The Regularis Concordia was the most important document of the English Benedictine Reform, sanctioned by the Council of Winchester in about 973.

The document was compiled by Æthelwold, who was aided by monks from Fleury and Ghent. A synodal council was summoned to construct a common rule of life to be observed by all monasteries. The document served as a rule for how monastic life should be performed and included monastic rituals like the procedure for the election of bishops that differed from Continental practice, and which led to a predominantly monastic episcopacy.

==Content==
One of the larger topics found within the manuscript is the Forward to the Harmony of the Rule, which is meant to apply to the monks and nuns of the entire nation that was ruled under King Edgar.
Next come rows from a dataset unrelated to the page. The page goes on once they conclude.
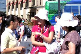 退党服务中心的姜女士说:今天我两点左右到现场,碰到几位中国人,当我给他们递“九评”、讲当前的退党大潮时,他们都接了“九评”并驻足静听,其中三位接受了劝退,由我帮他们在大纪元网站声明退出中共团、队组织,同时他们都接受了法轮功的真相小册子。真的感到越来越多的中国人在找真相了。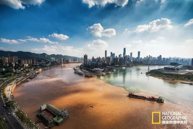 长江和嘉陵江在渝中半岛交汇,一清一浊。左为长江,黄腾腾,气势汹汹;右为嘉陵江,绿莹莹,碧波婉转。
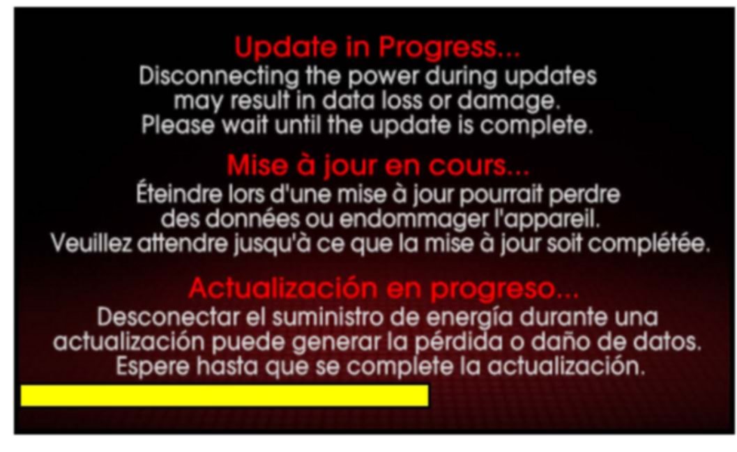 When rebooting, screen will go dark for approximately 20 to 40 seconds, this is normal. System will reboot 2 times to perform the update.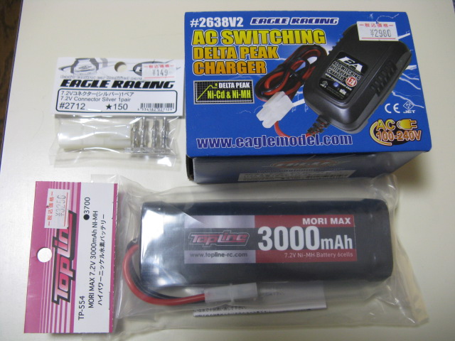 さて、流れる電流は10A程度としましたので配線の太さは1.25mmSqのものが必要のようです。 充電はラジコン用の電池と充電器を使うことにしましたので、港区木場町のラジコン屋さんでニッケル水素電池(3k円強)と充電器(3k円弱)、コネクタを購入しました。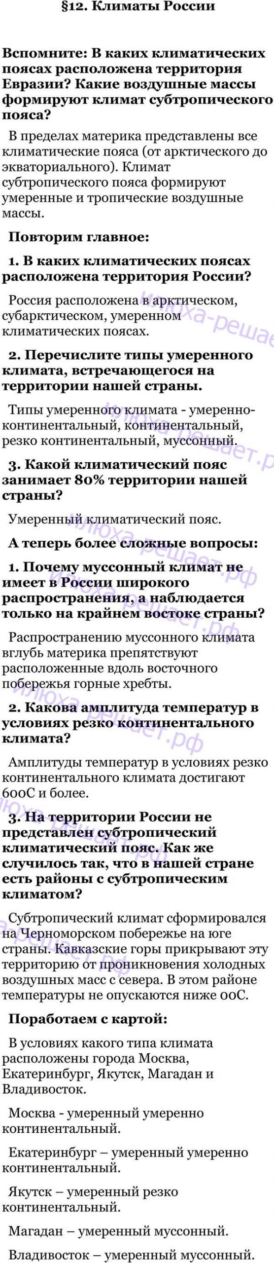 Решение № §12 Учебник по географии 8 класс Домогацких, Алексеевский Русское слово 2016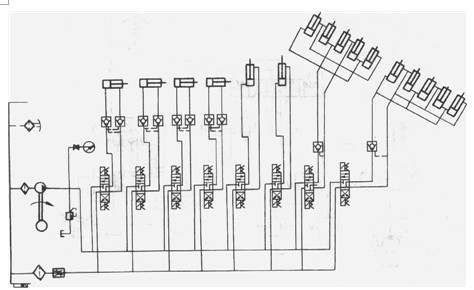個主缸垂直支撐著整體模板,為了使主缸能在任意位置停止并防止其由于自重自行下落,在四個主缸的進回油路上串接液控單向閥(液壓鎖)。主缸的控制閥選用“Y”型中位機能的控制閥,中位時,A.B兩油直接通油箱,液控單向閥立即關閉,活塞停止運動,實現了主缸的可靠定位。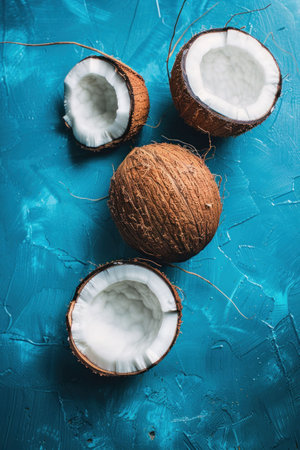 Whole and halved coconuts on an artistic blue background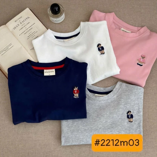 #2212m03 ✅✅ ÁO THUN DÀI TAY THÊU GẤU MMY - 4 màu: than- trắng-hồng-xám - size: 90-140 Giá: 97k/1c Chốt 22.12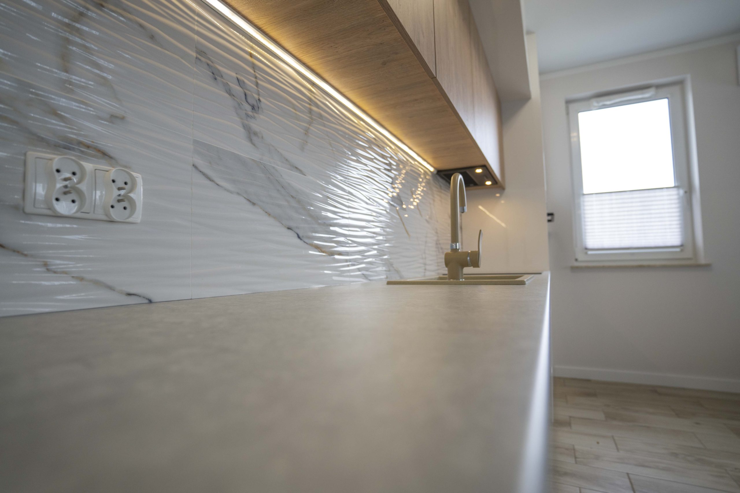 Dodatkowo, kuchnia miała dwie różne głębokości szafek wiszących, co wymagało bardzo precyzyjnych pomiarów i zaplanowania układu linii dolnej.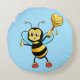 Almofada Redonda Abelhas de Mel Bonito com Coração em Azul Claro

This section of the document proclaimed that every religious house in the kingdom was to follow the rules prescribed in the rest of the manuscript. This included how the monastic "office" was to be performed; "office" includes vigils, lauds, and prayers and is a practice that was established in the fifth century. The prescriptions for monastic "office" are specific; for example, it includes the specific liturgical song to be performed during the mandated labor hours that were required of the monks.
The portion of the manuscript dedicated to the rites of Holy Week and Easter are the most detailed. This is where the introduction of the quem quaeritis is introduced, and is now credited to be the introduction of theatrical ritual.
The Regularis also creates the specific pattern and order that bells should be rung in for Masses and holidays.

==Historical context==
Under Edgar the Peaceful (r. 959–975), England experienced a period of peace and a revival of monasticism. Æthelwold of Winchester improved and expanded the Rule of Saint Benedict and wrote the Regularis Concordia as a result of Edgar's rule.

==Monastic reform in the 10th century==
The urgency for monastic reform was set in motion by the Rule of Saint Benedict coming into popularity in the mid 10th century. According to its proponents, King Edgar, Æthelwold of Winchester, Dunstan and Oswald of Worcester, monasticism had died in the 9th century and The Rule of Saint Benedict was the key for revitalization. They elevated this text as the ideal form of monastic culture and uniform way of life.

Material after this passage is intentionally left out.